In [1]:
!pip install --quiet --upgrade langchain langchain-neo4j langchain-openai langchain-mcp-adapters mcp-neo4j-cypher

The **LangChain framework for Python** is a toolkit for building applications powered by large language models. It provides composable chains and agents, a vast integration ecosystem, memory and retrieval systems, and production essentials like callbacks, tracing, and evaluation tools.

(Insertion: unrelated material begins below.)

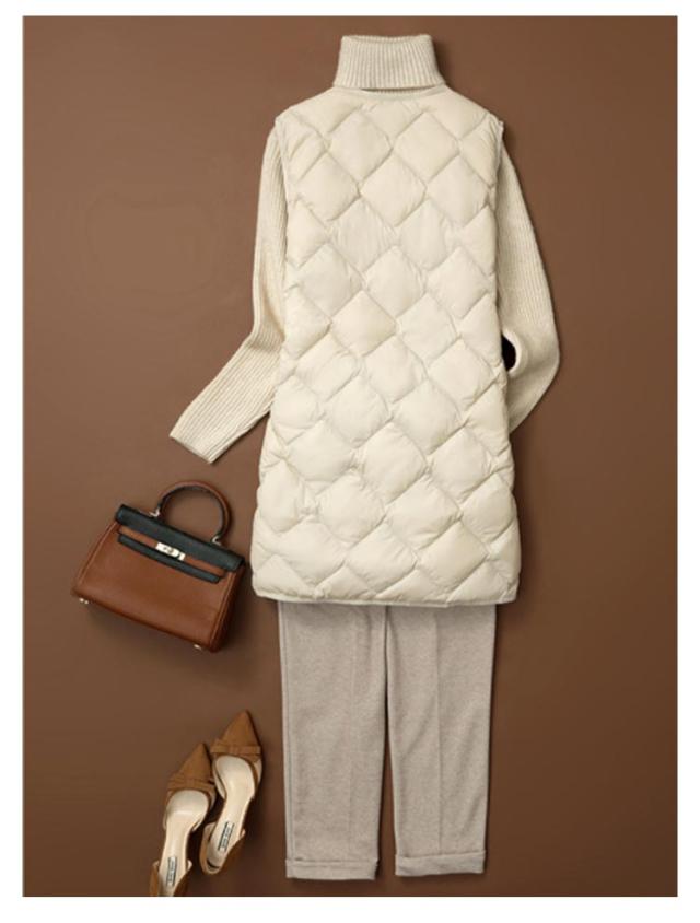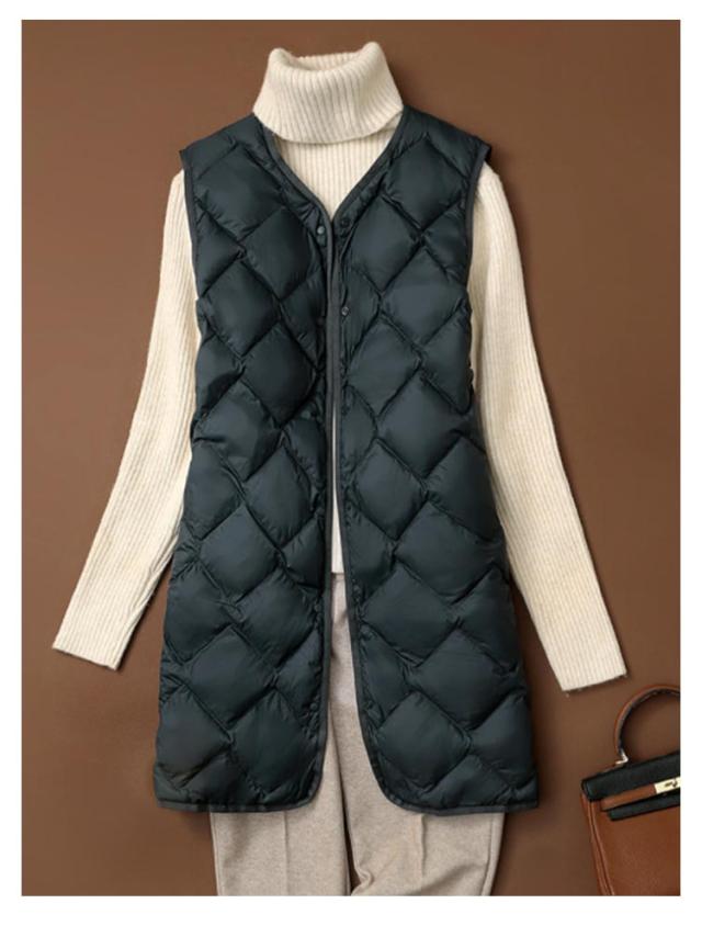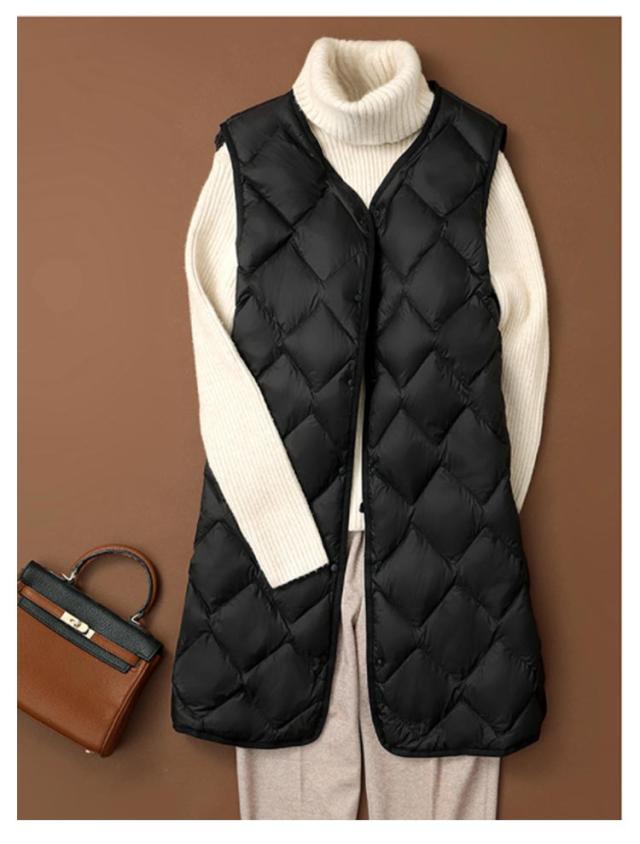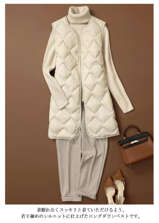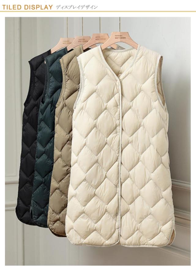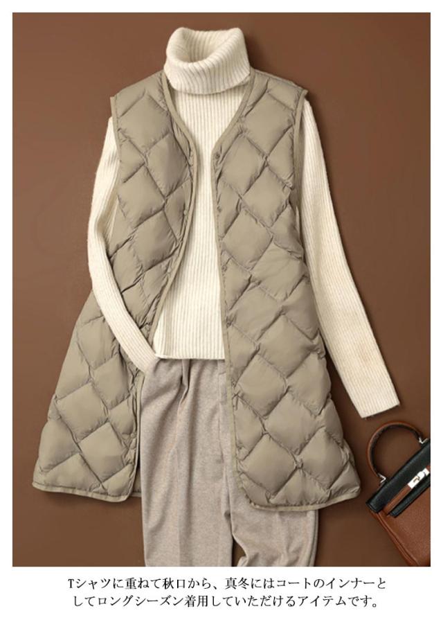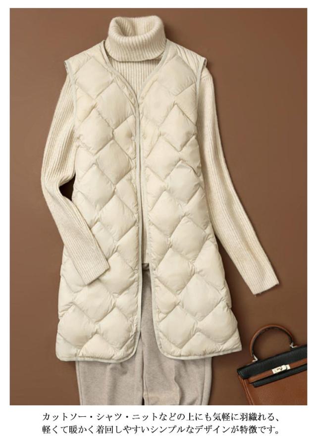 ダウンベスト ロング ポケットあり 収納 ノーカラー ダウンジャケット ダウンアウター Vネック レディース アウター ボタン 超軽量 おしゃれ インナーベスト 前開き インナーダウン コンパクト 誕生日 ポケッタブル 防寒 ダウンベスト 贈り物 祖母 お祝い 敬老の日 秋

In this notebook, we'll build a company research agent that queries a Neo4j graph database.

In [2]:
import json

from langchain_mcp_adapters.client import MultiServerMCPClient
from langchain.tools import tool
from langchain.agents import create_agent
from langchain_neo4j import Neo4jGraph, Neo4jVector
from langchain_openai import ChatOpenAI, OpenAIEmbeddings

LangChain integrates with virtually every major LLM provider like OpenAI, Anthropic, Google, Cohere, Mistral, AWS Bedrock, Azure, and many more. This makes it easy to swap models or run comparisons without rewriting your application logic.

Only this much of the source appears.